3. What’s in a keyword?



By Juan Chamero

A keyword means something like a magic word that opens information boxes. The figure above depicts a Magic of Oz Wizard icon that intents to represent this concept. In order to obtain information it would be ideal to have a sort of Oracle box enabling man-machine dialog where users are guided to retrieve what they need. Conventional search engines intent to satisfy these needs without dialog: users issue queries and search engines provide lists of references that point to documents that presumably “deal with” topics related to them. We say presumably because search engines only could assure that documents pointed have, somewhere in their text strings, one or all words queried.

Paradoxically it is important to have in mind that neither users nor search engines know precisely the "right" subject name of the piece of knowledge to retrieve where presumably the query semantically belongs!. Users have an idea of it, however many times fuzzy and frequently they adjust their queries as long as they go deep learning from search engines outcomes. After long journeys thru the Web Ocean users learn to know “the best names” that point to topics wanted better.

On the contrary search engines are static partners concerning dialog: they do not guide users thru their navigation learning and users retrieving efficiency is only associated to their knowledge, navigation talent and luck!. Most conventional search engines ignore topics dealt with in documents indexed. Web pages are hosted in the Cyber space by authors and titled at will, many times to mislead readers and many times, unwillingly, their content has nothing to do with titles and major subtitles either. Dialog is an intelligent interchange of ideas (Plato dialogs) or an effective means of on-going communication (Martin Buber). What most conventional search engines provide is a Q-A communication channel of Questions-Answers between users and a database thru queries.

What we understand by “keyword” could be a chain of words, generally from one to no more than five. When some one looks for something by querying a database via keywords he/she has to know in advance how the search engine will interpret the chain. Let’s suppose the keyword be “parallel process” (a chain of two common words) that could be interpreted in several logic forms, namely:

1. [parallel AND process] that should be equivalent to [process AND parallel];
2. [parallel OR process that should be equivalent to [process OR parallel];
3. [parallel*process] that’s not equivalent to [process*parallel];

And we say that the two first expressions should be equivalent because AND/OR logic operations are commutative. First expression means that the person who queries is looking for documents that somewhere within their text string the word parallel exists AND somewhere within the same text the word process exists. The second expression is read the same way changing the operator AND by OR.

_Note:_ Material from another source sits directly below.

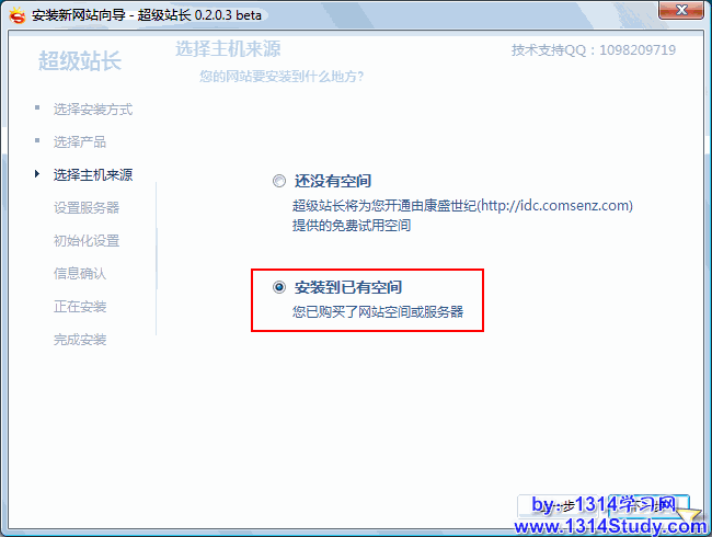 主机来源选择“安装到已有空间”:
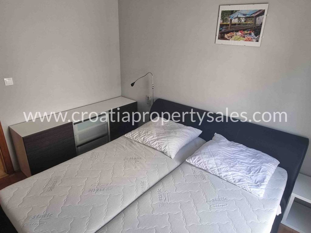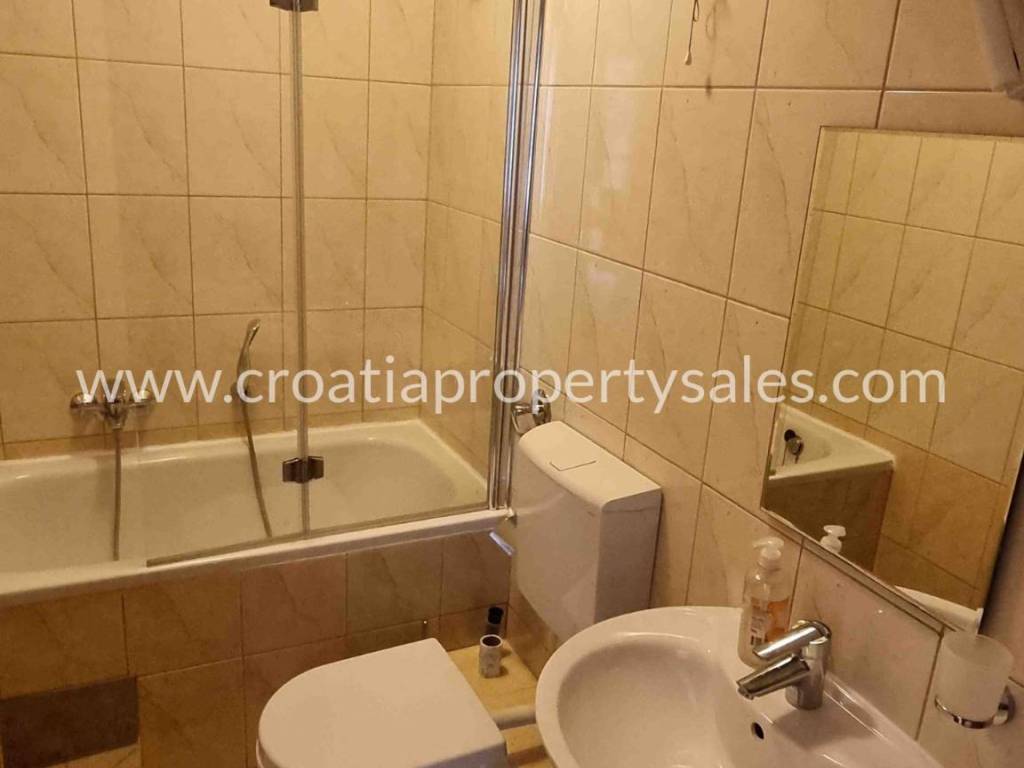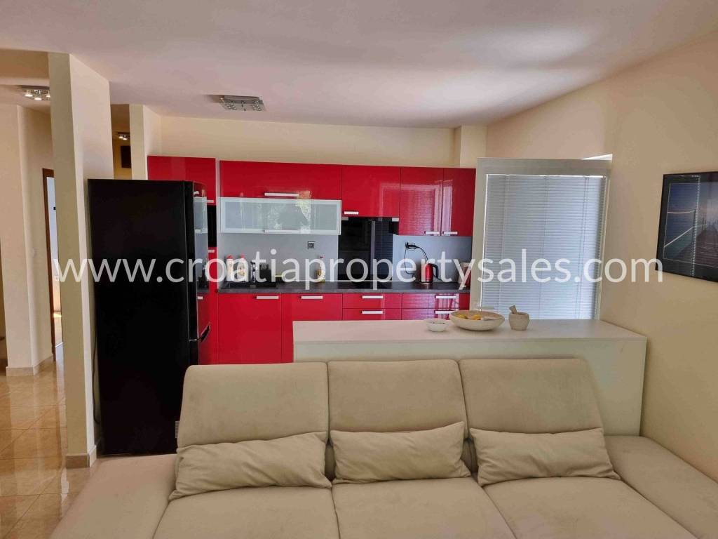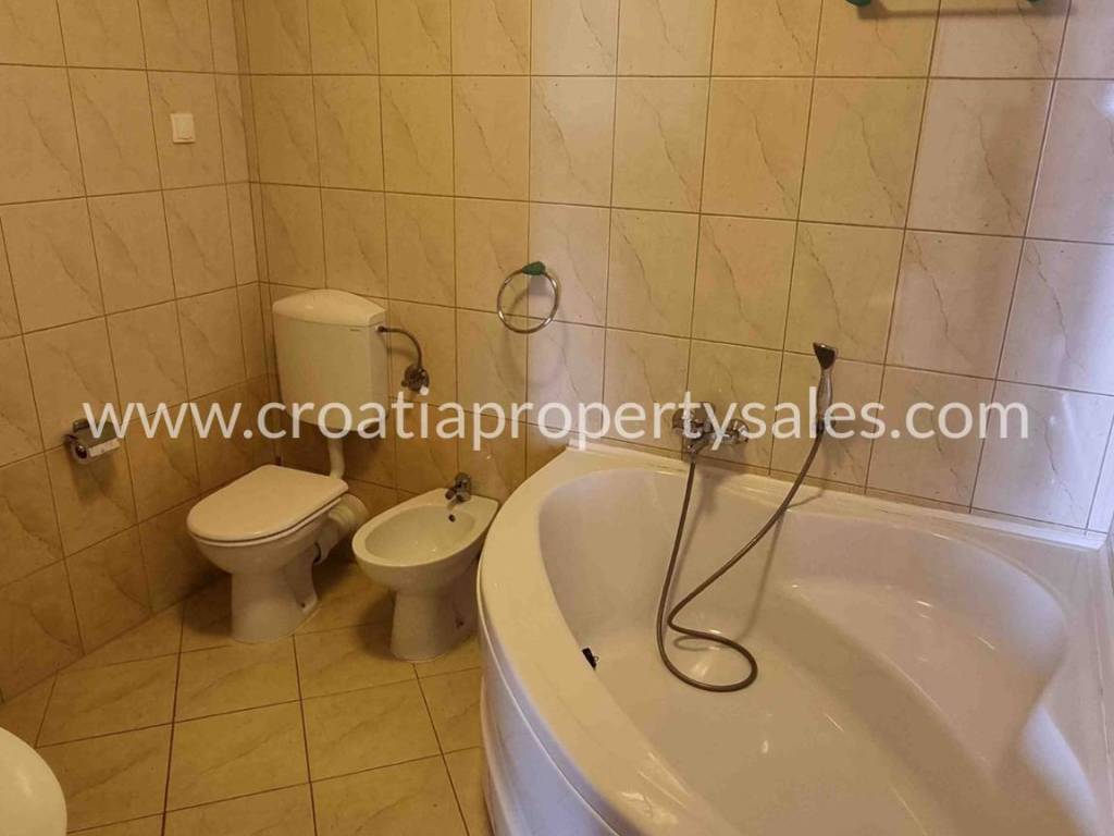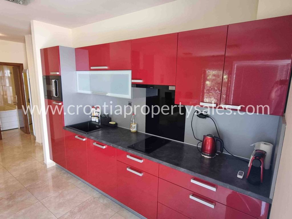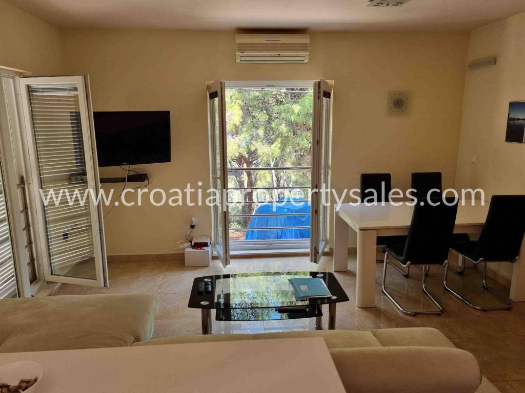 The apartment is located practically in the 1st row to the sea, because in front of the building is a large green area spreading all the way to the sea, with mostly pine trees and it is a protected area, meaning construction is not allowed.

Many search engines omit the AND operator given by understood that any sequence of n words W1 W2 …. Wn, will be interpreted as AND replacing the blank or empty space between them. There are many other logic formats and interpretations of queries but let’s focus our attention on the third type expression. When we explicit our query as a rigid semantic chain W1*W2*…Wn of n words where character (*) stands for blank or empty space we usually mean that we are looking for documents that within their text strings exists at least a match. For example when we look for “el hijo del hombre” (the son of man in Spanish) perhaps looking for something related with biblical literature it means that we are looking for documents that somewhere uses this expression exactly as_it_is. This chain could also be written as el*hijo*del*hombre being a 4-words keyword.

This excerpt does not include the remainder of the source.